EXERCISE DETAILS:
Please retype the entries below word for word, passing over every picture.

GIVEN INFORMATION: Begin

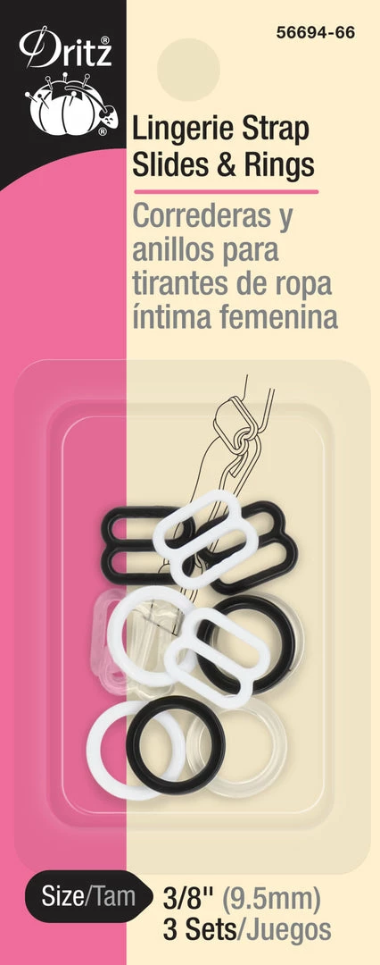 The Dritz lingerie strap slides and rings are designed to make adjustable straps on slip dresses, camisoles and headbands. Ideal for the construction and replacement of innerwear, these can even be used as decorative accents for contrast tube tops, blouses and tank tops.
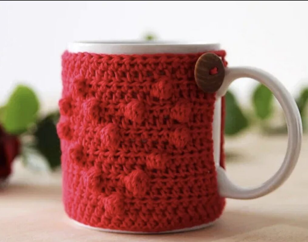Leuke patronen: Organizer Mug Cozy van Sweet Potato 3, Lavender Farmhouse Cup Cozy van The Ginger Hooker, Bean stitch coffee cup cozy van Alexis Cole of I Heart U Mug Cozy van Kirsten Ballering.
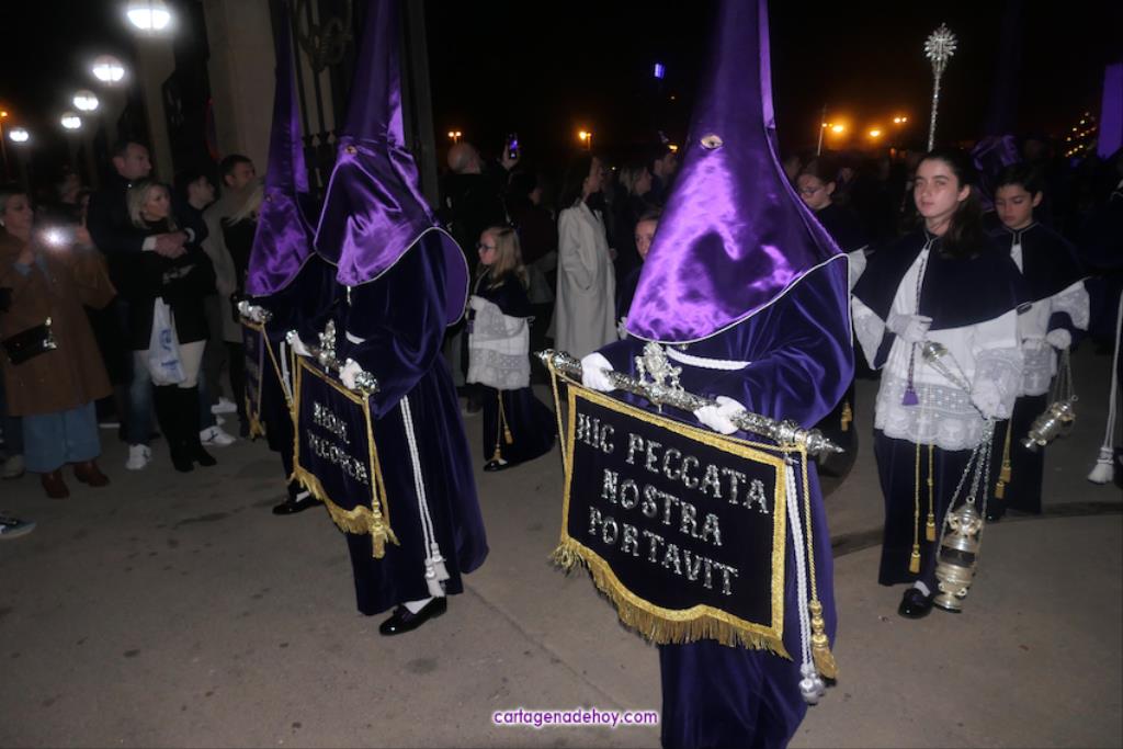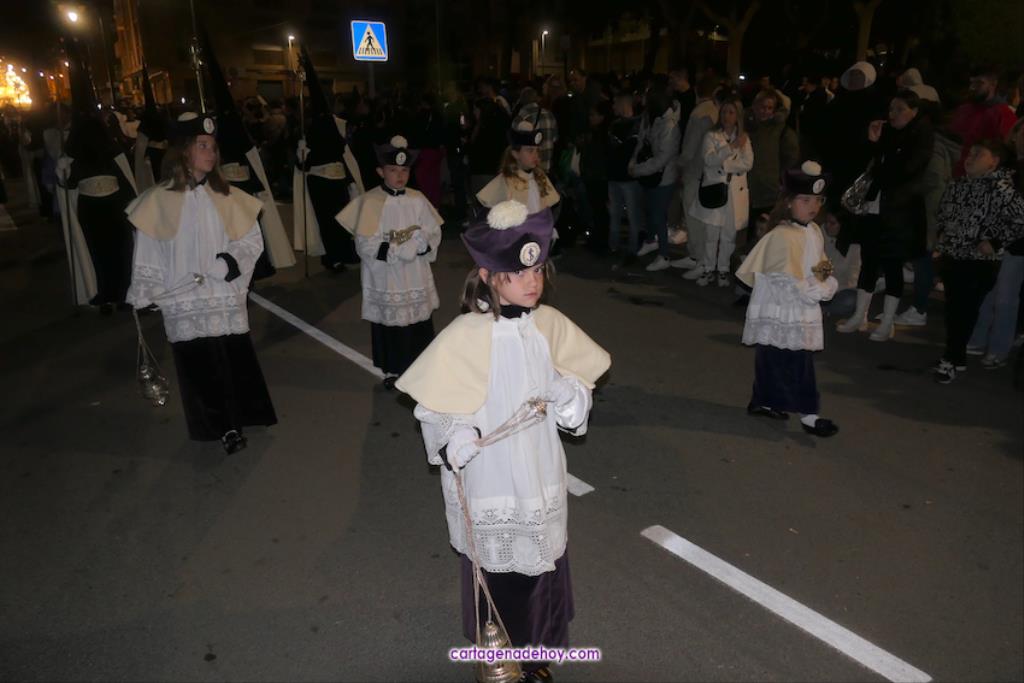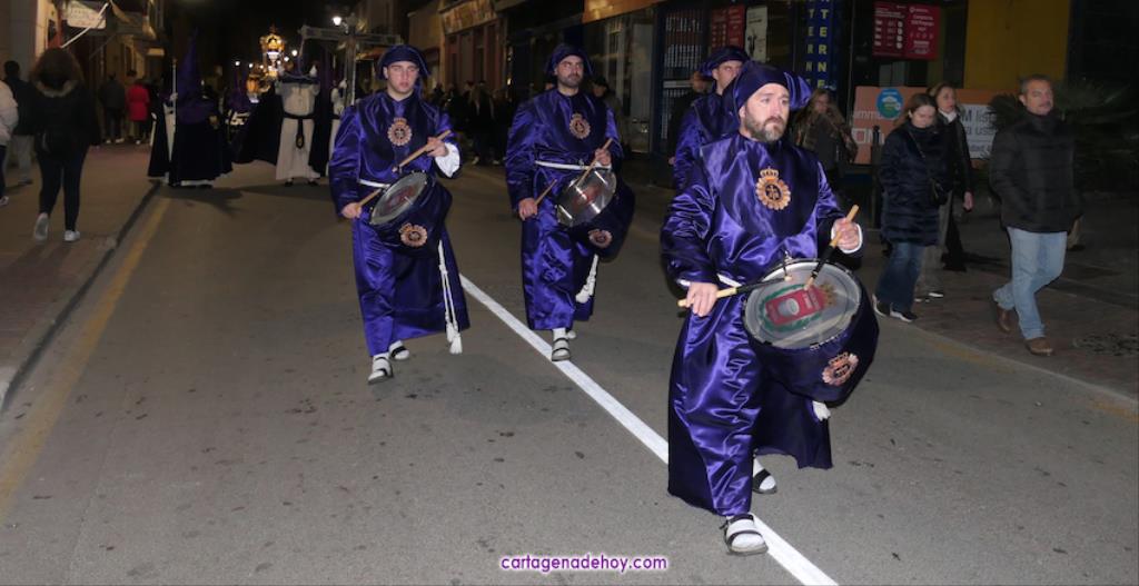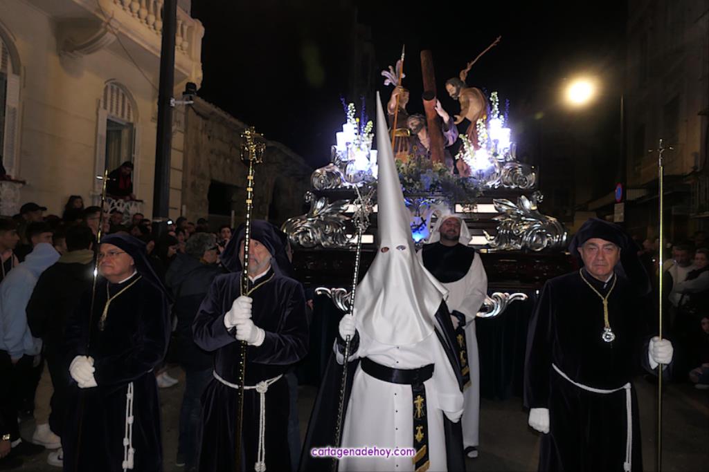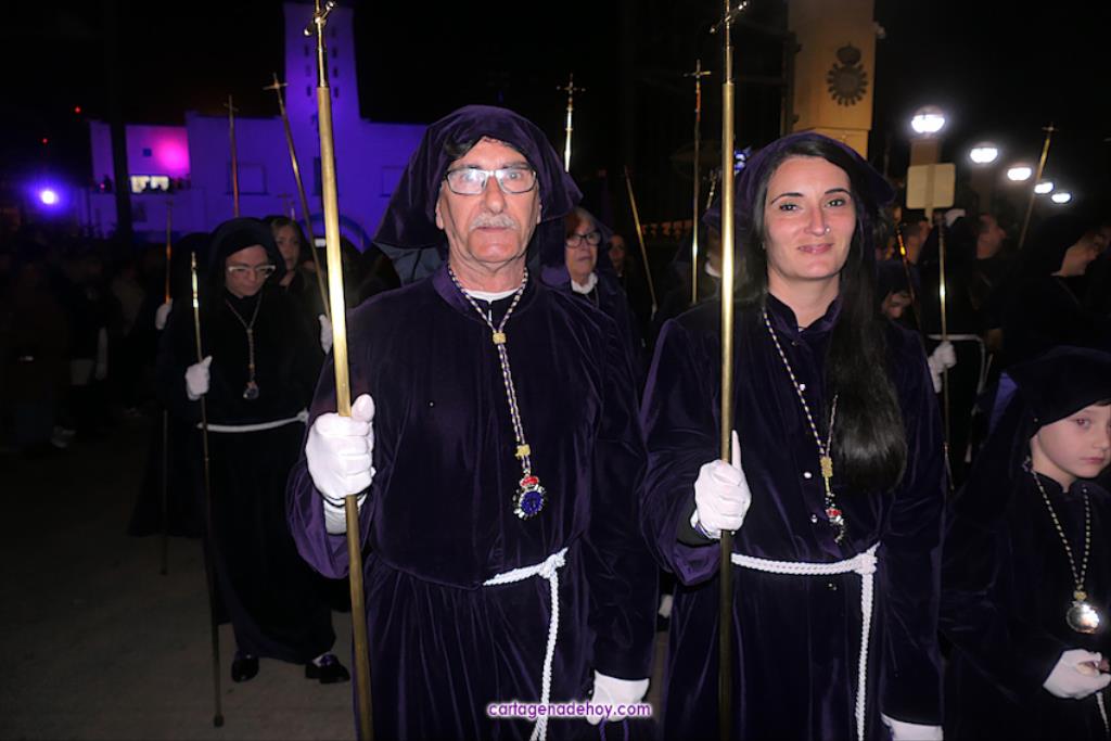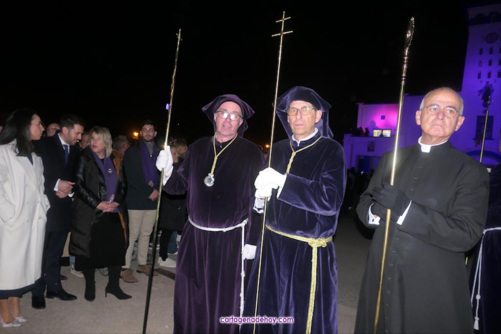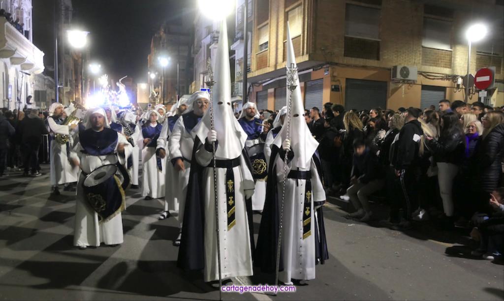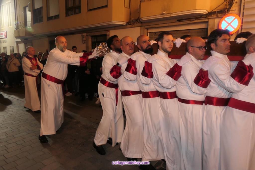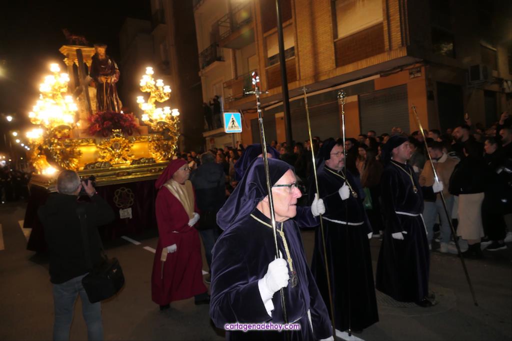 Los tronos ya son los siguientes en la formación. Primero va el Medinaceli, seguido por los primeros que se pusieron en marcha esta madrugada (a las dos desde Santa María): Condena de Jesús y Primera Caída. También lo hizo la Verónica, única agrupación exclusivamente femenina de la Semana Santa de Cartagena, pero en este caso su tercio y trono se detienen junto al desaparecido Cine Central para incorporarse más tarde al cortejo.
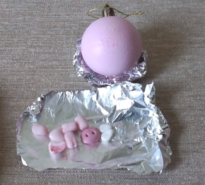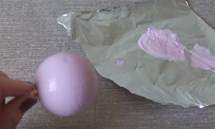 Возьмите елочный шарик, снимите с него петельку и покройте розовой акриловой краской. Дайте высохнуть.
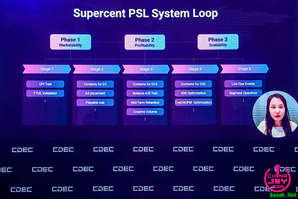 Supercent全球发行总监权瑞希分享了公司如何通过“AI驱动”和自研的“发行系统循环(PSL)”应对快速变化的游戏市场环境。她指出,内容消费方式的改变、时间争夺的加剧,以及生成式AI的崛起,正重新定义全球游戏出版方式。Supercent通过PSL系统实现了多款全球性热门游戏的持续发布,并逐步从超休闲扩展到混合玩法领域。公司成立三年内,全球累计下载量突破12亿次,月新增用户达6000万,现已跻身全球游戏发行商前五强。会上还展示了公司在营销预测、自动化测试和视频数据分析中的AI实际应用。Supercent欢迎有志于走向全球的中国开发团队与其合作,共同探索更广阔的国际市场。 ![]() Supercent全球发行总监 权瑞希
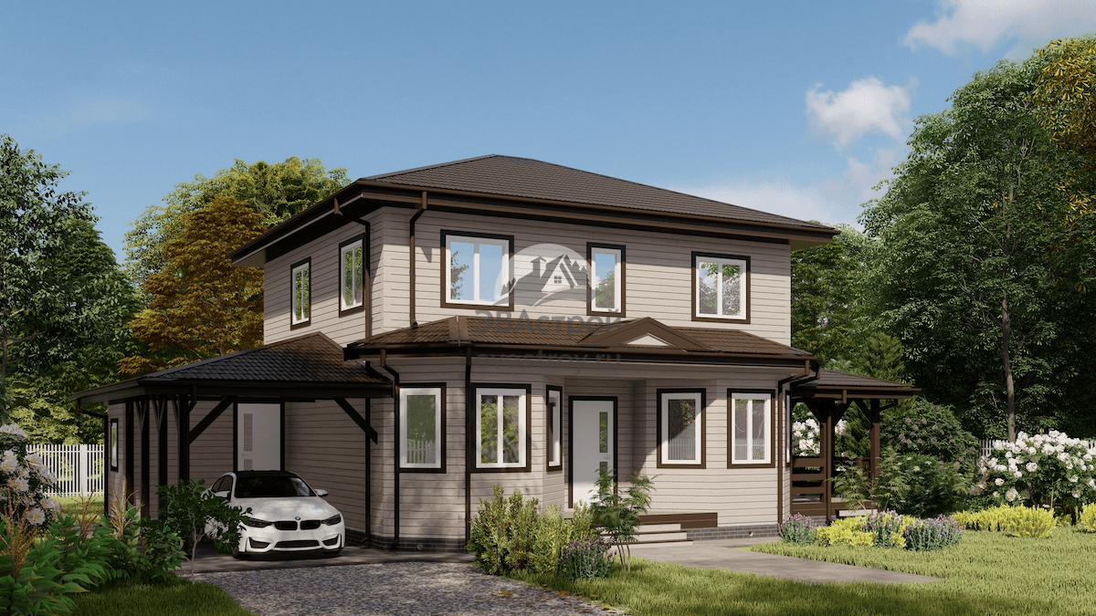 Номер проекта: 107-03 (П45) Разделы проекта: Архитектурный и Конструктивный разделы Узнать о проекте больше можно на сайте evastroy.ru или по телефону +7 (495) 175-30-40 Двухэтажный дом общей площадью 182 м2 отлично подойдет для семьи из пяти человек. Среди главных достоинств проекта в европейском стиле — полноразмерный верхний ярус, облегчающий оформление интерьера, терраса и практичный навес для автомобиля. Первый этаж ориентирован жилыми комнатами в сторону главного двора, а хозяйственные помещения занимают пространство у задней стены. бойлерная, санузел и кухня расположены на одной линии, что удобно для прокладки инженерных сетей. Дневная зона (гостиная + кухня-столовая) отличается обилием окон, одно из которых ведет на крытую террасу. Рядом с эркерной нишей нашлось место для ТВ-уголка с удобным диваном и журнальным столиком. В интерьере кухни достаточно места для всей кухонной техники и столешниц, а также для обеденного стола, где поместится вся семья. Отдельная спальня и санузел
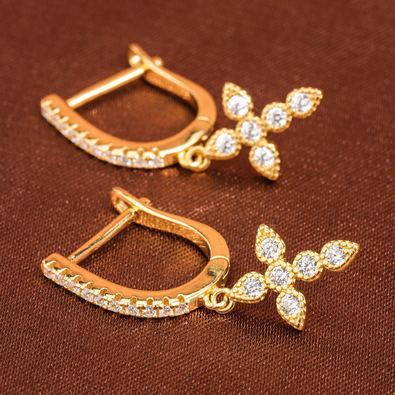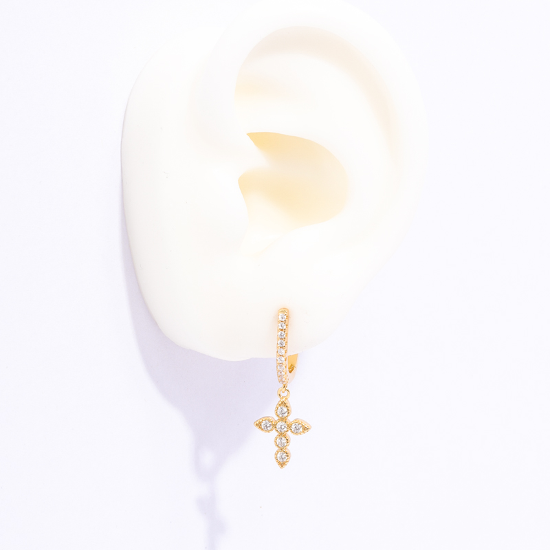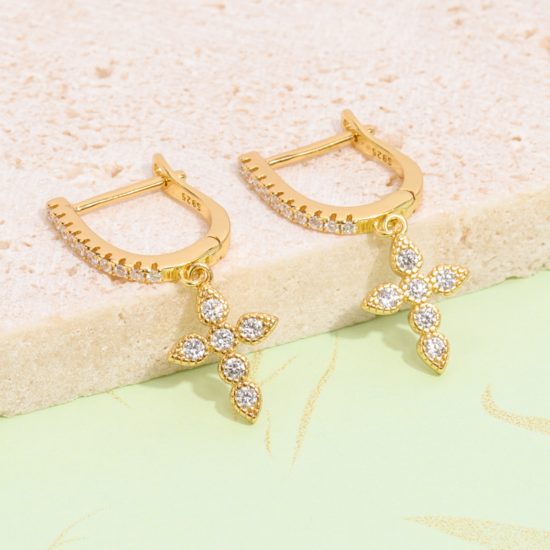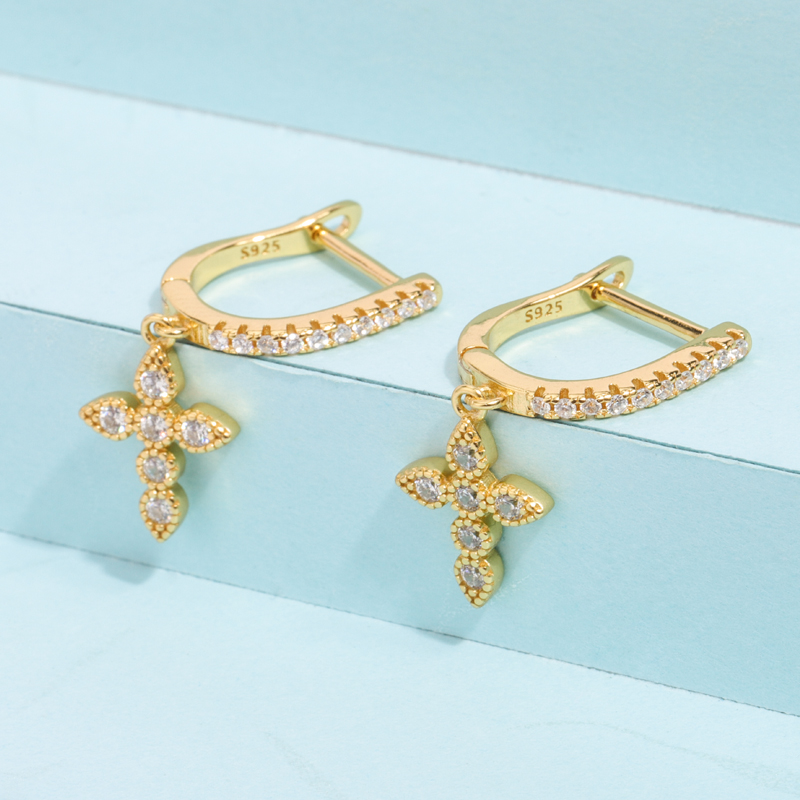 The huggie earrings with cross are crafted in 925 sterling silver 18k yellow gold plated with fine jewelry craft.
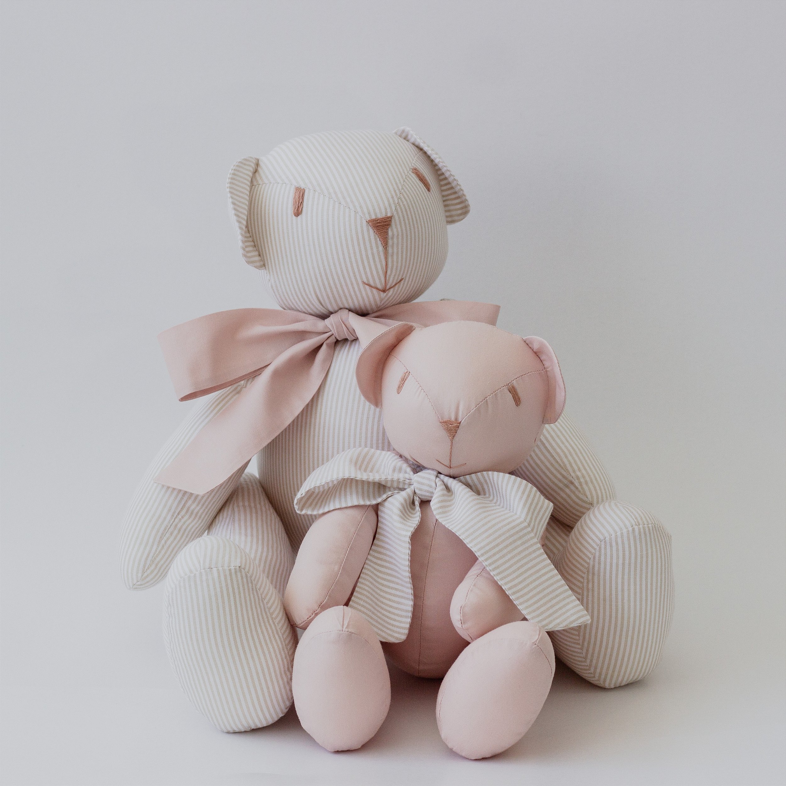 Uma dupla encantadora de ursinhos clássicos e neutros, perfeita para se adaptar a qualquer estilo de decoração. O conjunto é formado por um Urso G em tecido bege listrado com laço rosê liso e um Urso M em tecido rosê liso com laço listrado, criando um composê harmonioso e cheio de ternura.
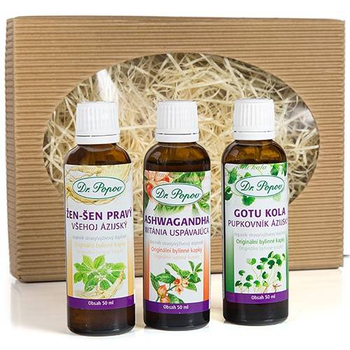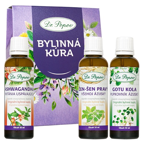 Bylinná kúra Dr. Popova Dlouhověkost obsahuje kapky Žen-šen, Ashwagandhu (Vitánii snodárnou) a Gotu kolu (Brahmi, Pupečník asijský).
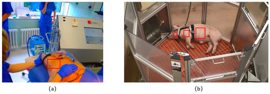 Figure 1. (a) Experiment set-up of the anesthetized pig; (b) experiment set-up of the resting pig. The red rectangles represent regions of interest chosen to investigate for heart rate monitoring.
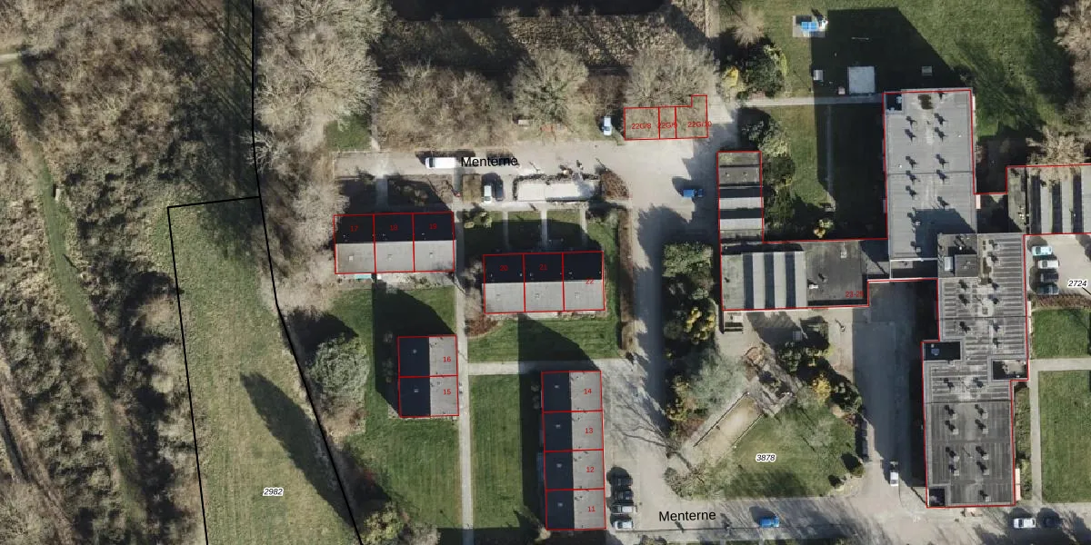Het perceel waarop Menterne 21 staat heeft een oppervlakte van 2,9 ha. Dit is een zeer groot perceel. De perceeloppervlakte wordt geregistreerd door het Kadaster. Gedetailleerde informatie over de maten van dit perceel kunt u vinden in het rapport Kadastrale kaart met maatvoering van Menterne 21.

GIVEN INFORMATION: End

TASK RESPONSE:
 The Dritz lingerie strap slides and rings are designed to make adjustable straps on slip dresses, camisoles and headbands. Ideal for the construction and replacement of innerwear, these can even be used as decorative accents for contrast tube tops, blouses and tank tops.
Leuke patronen: Organizer Mug Cozy van Sweet Potato 3, Lavender Farmhouse Cup Cozy van The Ginger Hooker, Bean stitch coffee cup cozy van Alexis Cole of I Heart U Mug Cozy van Kirsten Ballering.
 Los tronos ya son los siguientes en la formación. Primero va el Medinaceli, seguido por los primeros que se pusieron en marcha esta madrugada (a las dos desde Santa María): Condena de Jesús y Primera Caída. También lo hizo la Verónica, única agrupación exclusivamente femenina de la Semana Santa de Cartagena, pero en este caso su tercio y trono se detienen junto al desaparecido Cine Central para incorporarse más tarde al cortejo.
 Возьмите елочный шарик, снимите с него петельку и покройте розовой акриловой краской. Дайте высохнуть.
 Supercent全球发行总监权瑞希分享了公司如何通过“AI驱动”和自研的“发行系统循环(PSL)”应对快速变化的游戏市场环境。她指出,内容消费方式的改变、时间争夺的加剧,以及生成式AI的崛起,正重新定义全球游戏出版方式。Supercent通过PSL系统实现了多款全球性热门游戏的持续发布,并逐步从超休闲扩展到混合玩法领域。公司成立三年内,全球累计下载量突破12亿次,月新增用户达6000万,现已跻身全球游戏发行商前五强。会上还展示了公司在营销预测、自动化测试和视频数据分析中的AI实际应用。Supercent欢迎有志于走向全球的中国开发团队与其合作,共同探索更广阔的国际市场。 ![]() Supercent全球发行总监 权瑞希
 Номер проекта: 107-03 (П45) Разделы проекта: Архитектурный и Конструктивный разделы Узнать о проекте больше можно на сайте evastroy.ru или по телефону +7 (495) 175-30-40 Двухэтажный дом общей площадью 182 м2 отлично подойдет для семьи из пяти человек. Среди главных достоинств проекта в европейском стиле — полноразмерный верхний ярус, облегчающий оформление интерьера, терраса и практичный навес для автомобиля. Первый этаж ориентирован жилыми комнатами в сторону главного двора, а хозяйственные помещения занимают пространство у задней стены. бойлерная, санузел и кухня расположены на одной линии, что удобно для прокладки инженерных сетей. Дневная зона (гостиная + кухня-столовая) отличается обилием окон, одно из которых ведет на крытую террасу. Рядом с эркерной нишей нашлось место для ТВ-уголка с удобным диваном и журнальным столиком. В интерьере кухни достаточно места для всей кухонной техники и столешниц, а также для обеденного стола, где поместится вся семья. Отдельная спальня и санузел
 The huggie earrings with cross are crafted in 925 sterling silver 18k yellow gold plated with fine jewelry craft.
 Uma dupla encantadora de ursinhos clássicos e neutros, perfeita para se adaptar a qualquer estilo de decoração. O conjunto é formado por um Urso G em tecido bege listrado com laço rosê liso e um Urso M em tecido rosê liso com laço listrado, criando um composê harmonioso e cheio de ternura.
 Bylinná kúra Dr. Popova Dlouhověkost obsahuje kapky Žen-šen, Ashwagandhu (Vitánii snodárnou) a Gotu kolu (Brahmi, Pupečník asijský).
 Figure 1. (a) Experiment set-up of the anesthetized pig; (b) experiment set-up of the resting pig. The red rectangles represent regions of interest chosen to investigate for heart rate monitoring.
Het perceel waarop Menterne 21 staat heeft een oppervlakte van 2,9 ha. Dit is een zeer groot perceel. De perceeloppervlakte wordt geregistreerd door het Kadaster. Gedetailleerde informatie over de maten van dit perceel kunt u vinden in het rapport Kadastrale kaart met maatvoering van Menterne 21.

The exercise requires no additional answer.